**DATASET SECTION**.
··········

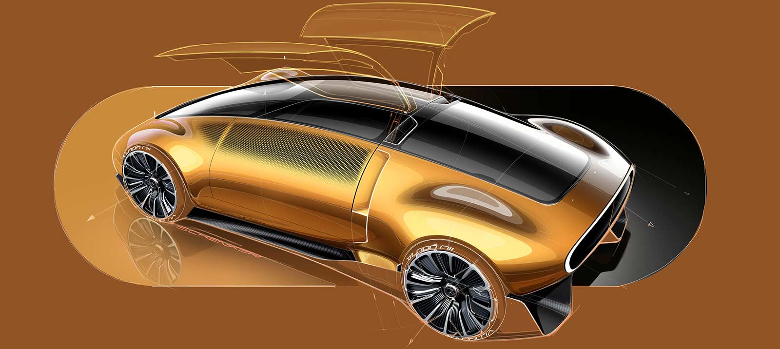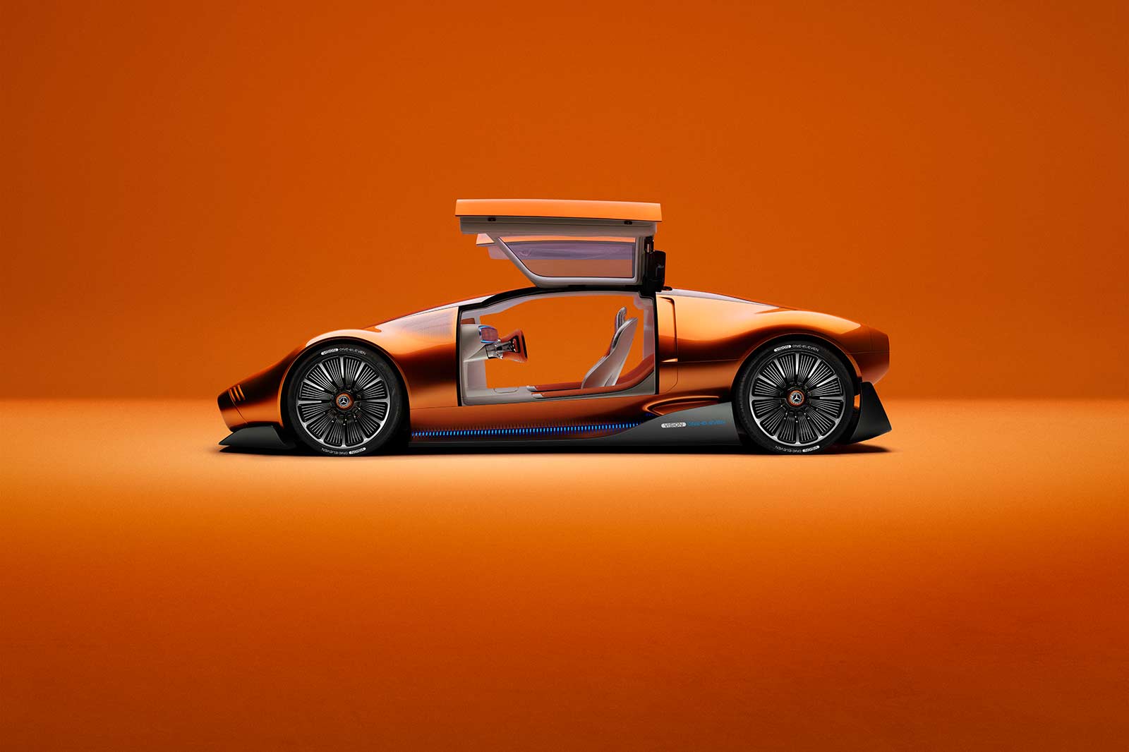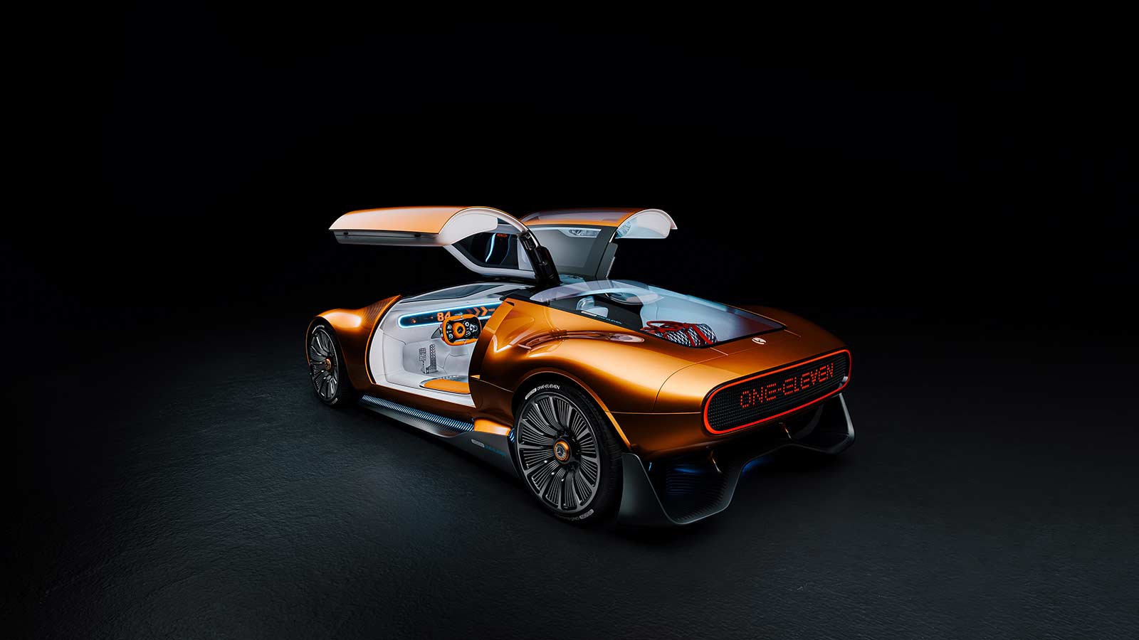 The exterior design of the Vision One-Eleven showcases the iconic One-Bow design executed with a modern twist. The smooth bow shape gives the car a sculptural feel, complemented by the copper-orange alubeam paintwork that pays homage to the C 111's distinctive color. The gullwing doors, flush-fit windows with a pixelated pattern, and large-diameter wheels seamlessly integrated into the wheel arches further enhance the sporty and aerodynamic character of the vehicle. The dark "keel line" on the lower portion of the bodyshell creates a powerful connection between the car and the road, amplifying the sense of unity with the surface.
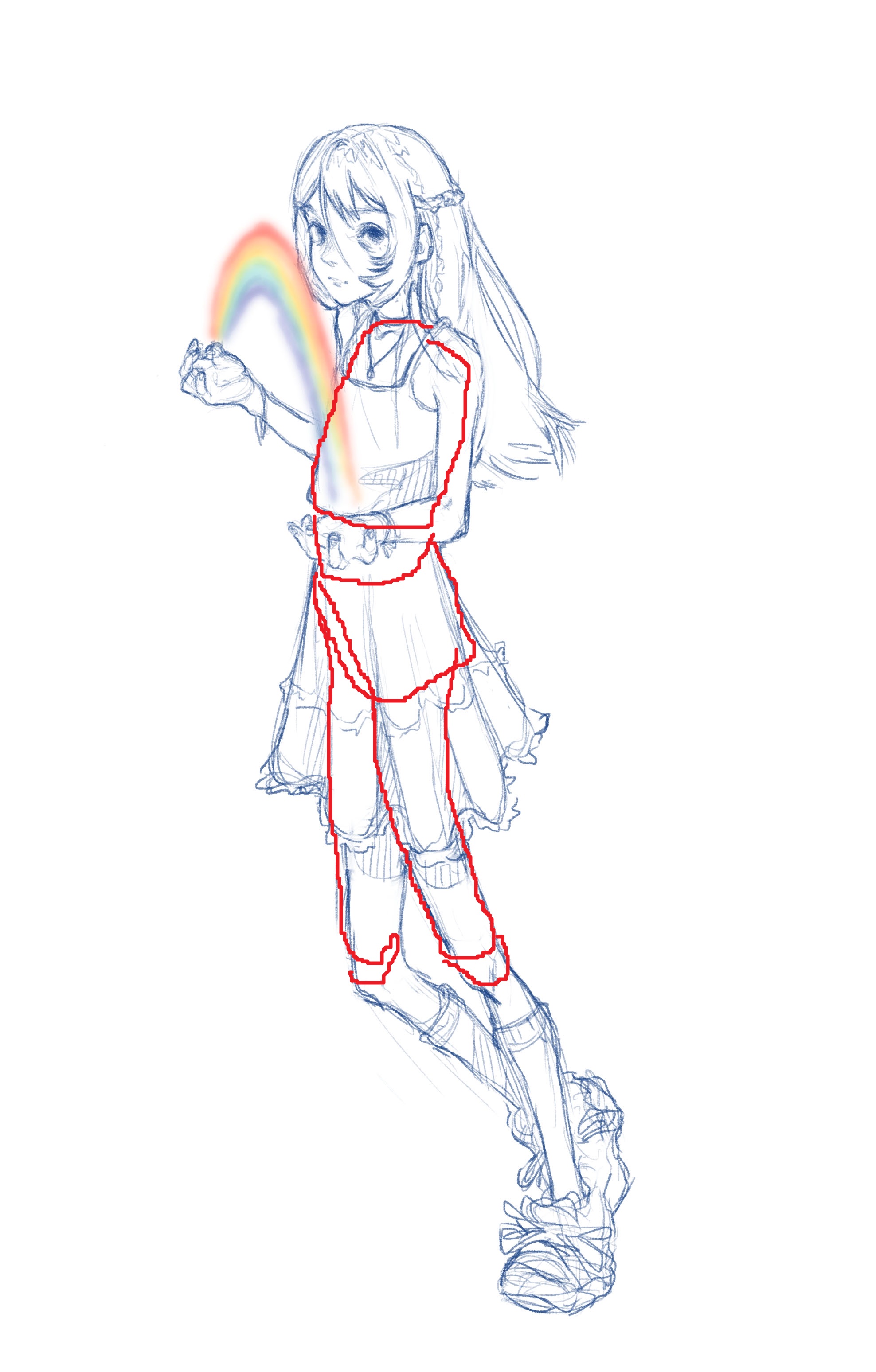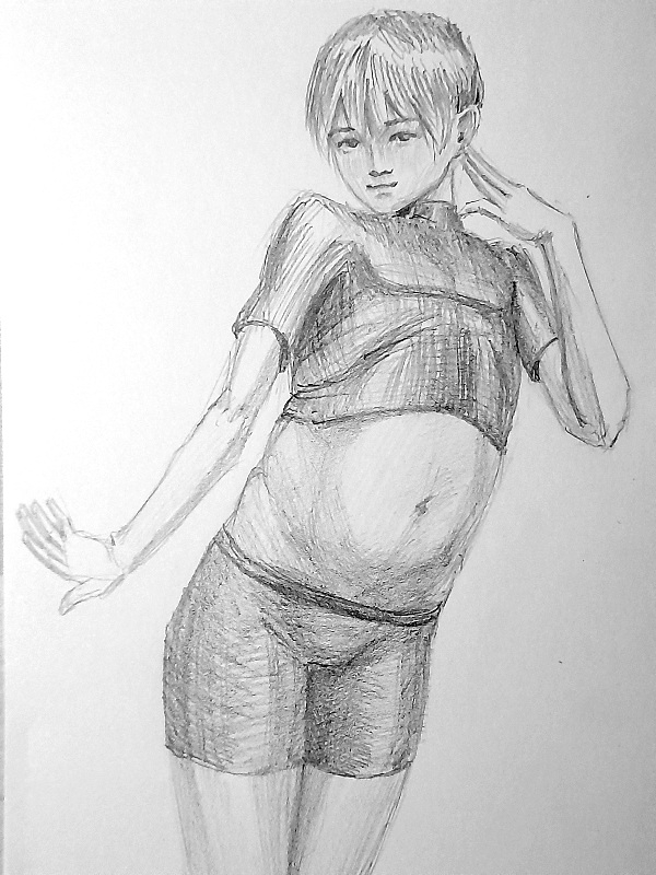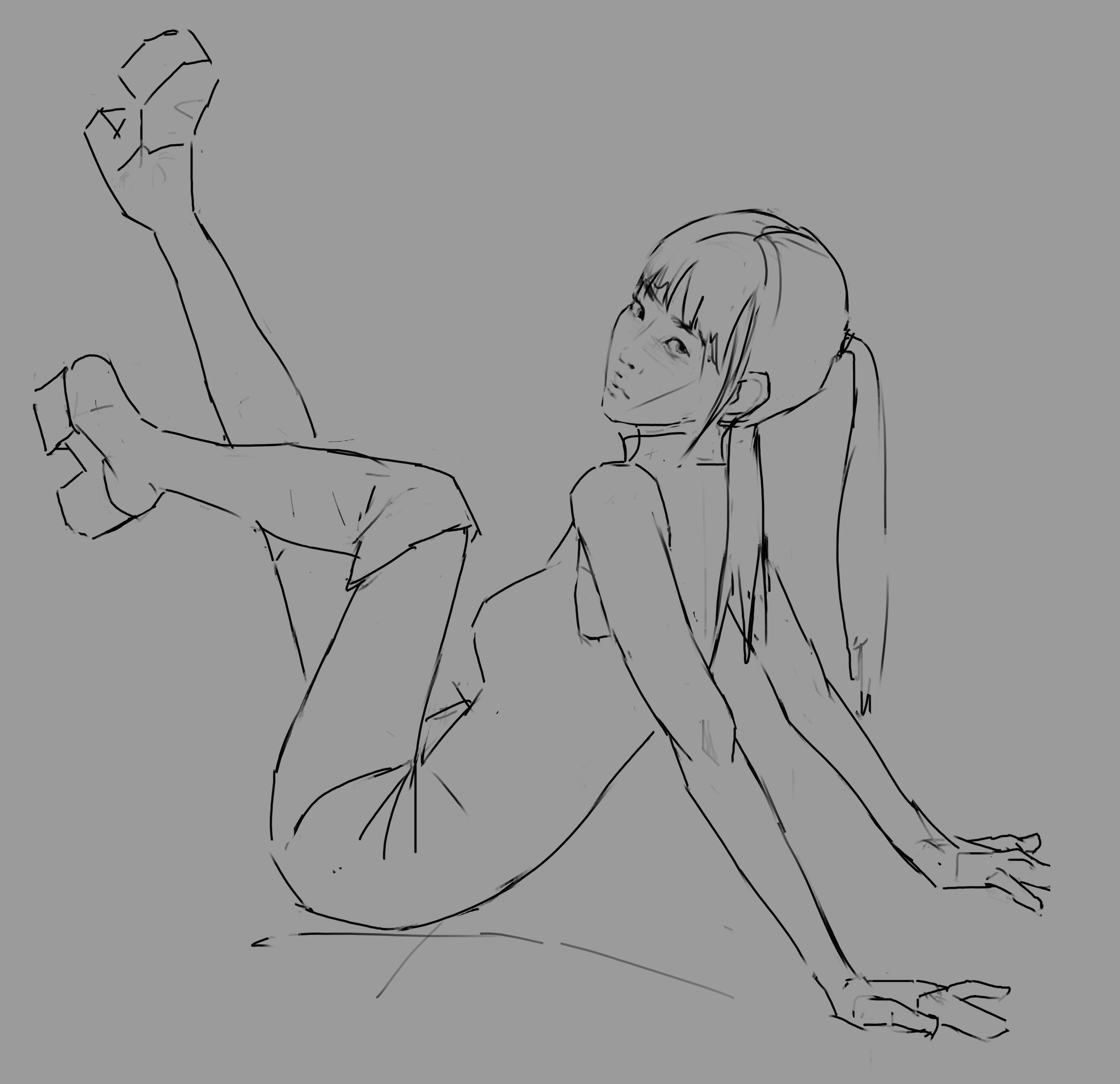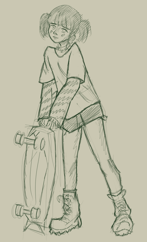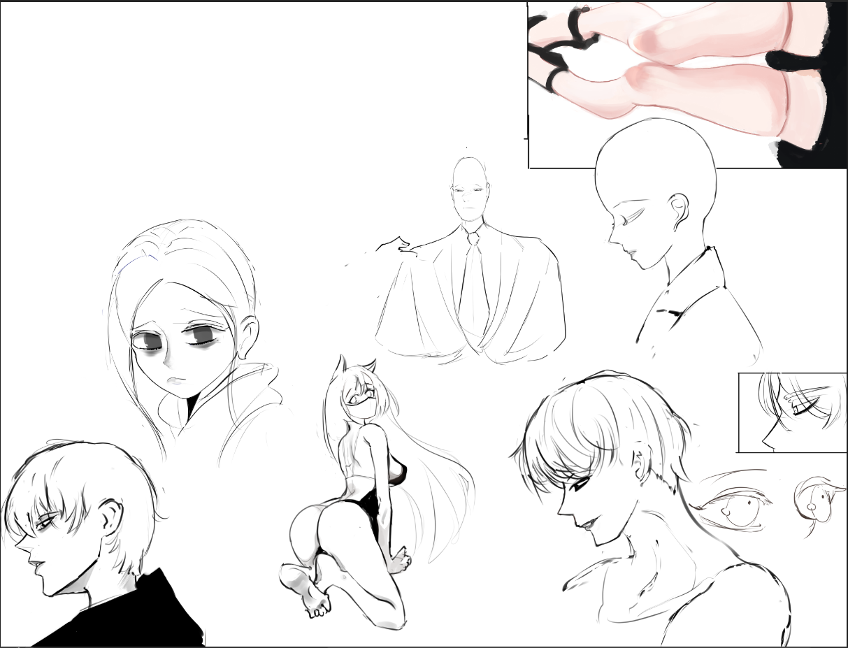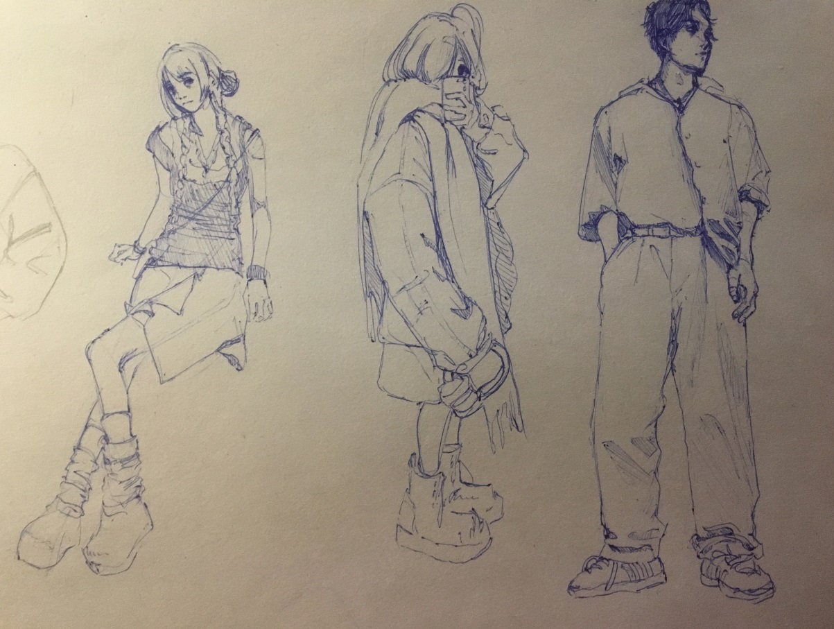 Во-вторых, постарайся всегда на скетче рисовать манекен, а не человека с еблом и прорисованными волосами. Если ты уже умеешь рисовать манекен, покажи как ты это делаешь, не стирай линии.
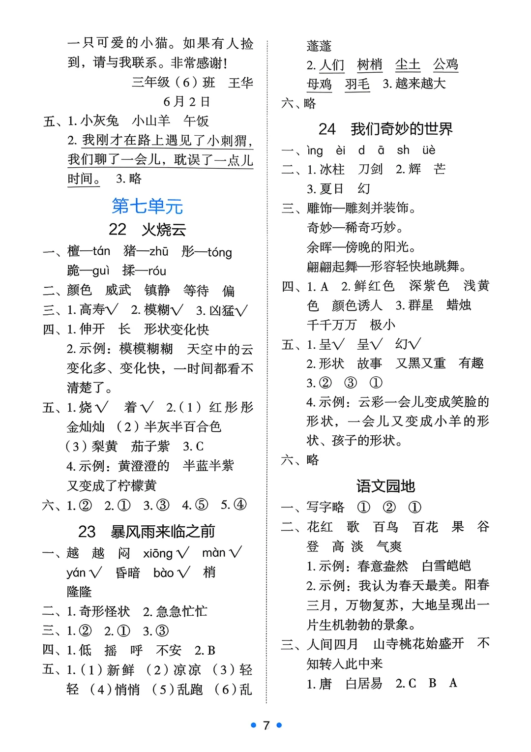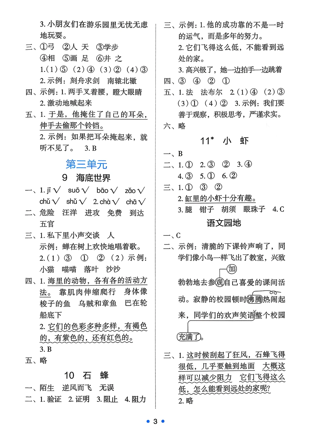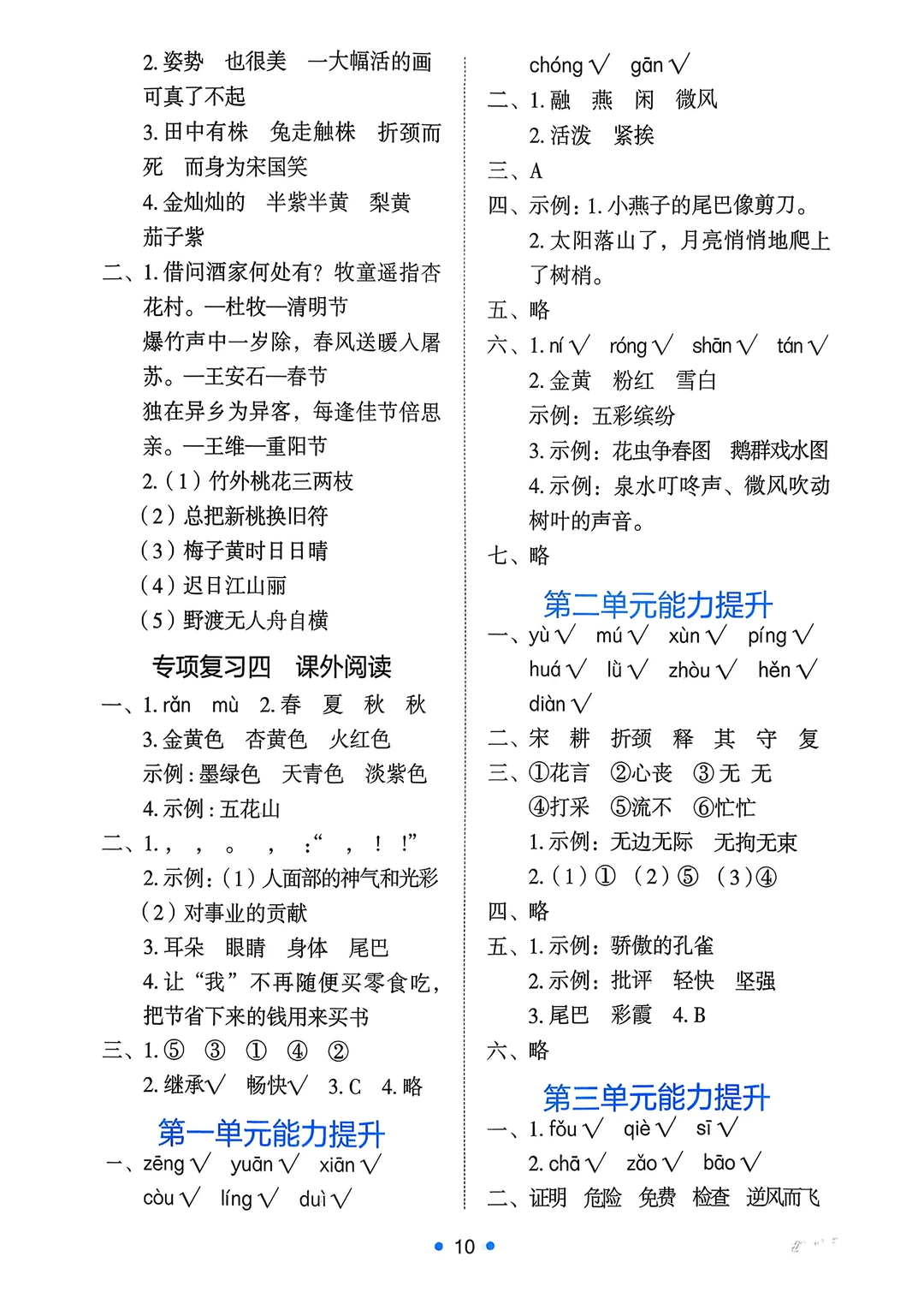三年级下语文《能力培养与测试》答案

··········

**HOW TO COMPLETE THIS TASK**. Word for word, write out the whole listing, keeping none of the pictures.

**REPLY TO THE TASK**.
 The exterior design of the Vision One-Eleven showcases the iconic One-Bow design executed with a modern twist. The smooth bow shape gives the car a sculptural feel, complemented by the copper-orange alubeam paintwork that pays homage to the C 111's distinctive color. The gullwing doors, flush-fit windows with a pixelated pattern, and large-diameter wheels seamlessly integrated into the wheel arches further enhance the sporty and aerodynamic character of the vehicle. The dark "keel line" on the lower portion of the bodyshell creates a powerful connection between the car and the road, amplifying the sense of unity with the surface.
 Во-вторых, постарайся всегда на скетче рисовать манекен, а не человека с еблом и прорисованными волосами. Если ты уже умеешь рисовать манекен, покажи как ты это делаешь, не стирай линии.
三年级下语文《能力培养与测试》答案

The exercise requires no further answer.